Pull out every line from the line containing "कोरबा। कोरबा शहर" through the end of the material, both ends included, and reproduce it exactly. Keep pictures out.

▶ _Data section_:
****************************************

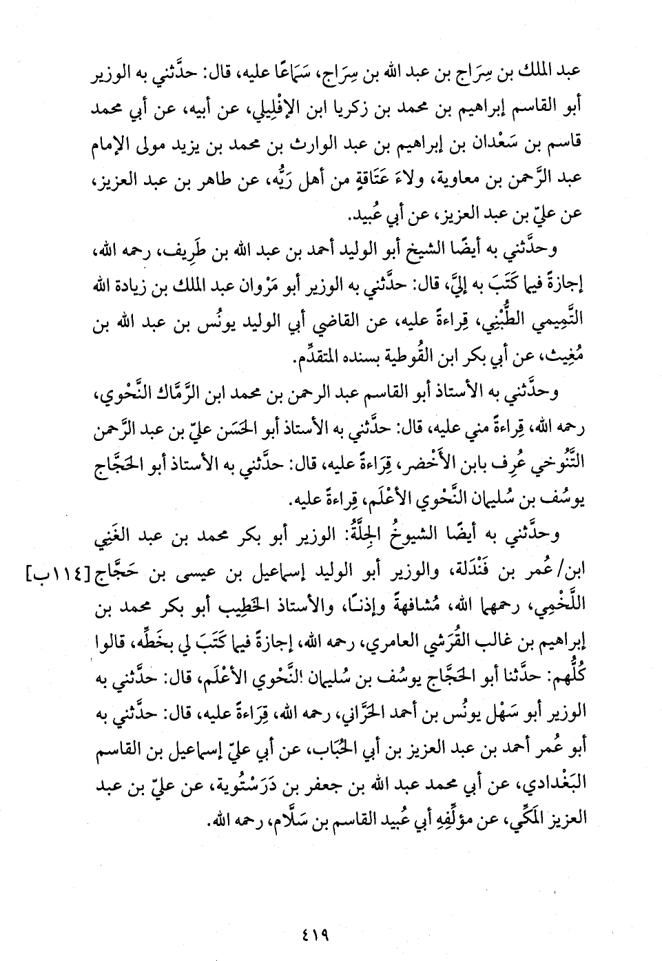 وحدّثني به أيضا الشيوخ الجلّة: الوزير أبو بكر محمد بن عبد الغني ابن / عمر بن فندلة، والوزير أبو الوليد إسماعيل بن عيسى بن حجّاج اللّخمي، رحمهما الله، مشافهة وإذنا، والأستاذ الخطيب أبو بكر محمد بن إبراهيم بن غالب القرشي العامري، رحمه الله، إجازة فيما كتب لي بخطّه، قالوا كلّهم: حدّثنا أبو الحجّاج يوسف بن سليمان النّحوي الأعلم، قال: حدّثني به الوزير أبو سهل يونس بن أحمد الحرّاني، رحمه الله، قراءة عليه، قال: حدّثني به أبو عمر أحمد بن عبد العزيز بن أبي الحباب، عن أبي عليّ إسماعيل بن القاسم البغدادي، عن أبي محمد عبد الله بن جعفر بن درستوية، عن عليّ بن عبد العزيز المكّي، عن مؤلّفه أبي عبيد القاسم بن سلاّم، رحمه الله.
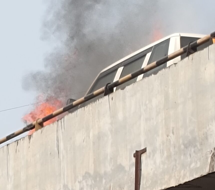 कोरबा। कोरबा शहर के भीतर से गुजरे ओवर ब्रिज पर अग्रसेन चौक के ऊपर एक स्कॉर्पियो में आग लगने की घटना हुई है। दोपहर करीब 3 बजे इस स्कॉर्पियो/बोलेरो (स्पष्ट नहीं) में आग लगी है जो विकराल रूप लेती जा रही है। इस मामले में कोतवाली पुलिस को सूचना दे दी गई है। टीआई मोतीलाल पटेल के साथ घटना स्थल पर पहुंचे हैं वहीं दमकल को भी सूचना दी गई है।
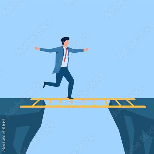 Vector illustration, concept of business motivation and ambition, business team overcomes obstacles and achieves success

****************************************

▶ _Written answer_:
 कोरबा। कोरबा शहर के भीतर से गुजरे ओवर ब्रिज पर अग्रसेन चौक के ऊपर एक स्कॉर्पियो में आग लगने की घटना हुई है। दोपहर करीब 3 बजे इस स्कॉर्पियो/बोलेरो (स्पष्ट नहीं) में आग लगी है जो विकराल रूप लेती जा रही है। इस मामले में कोतवाली पुलिस को सूचना दे दी गई है। टीआई मोतीलाल पटेल के साथ घटना स्थल पर पहुंचे हैं वहीं दमकल को भी सूचना दी गई है।
 Vector illustration, concept of business motivation and ambition, business team overcomes obstacles and achieves success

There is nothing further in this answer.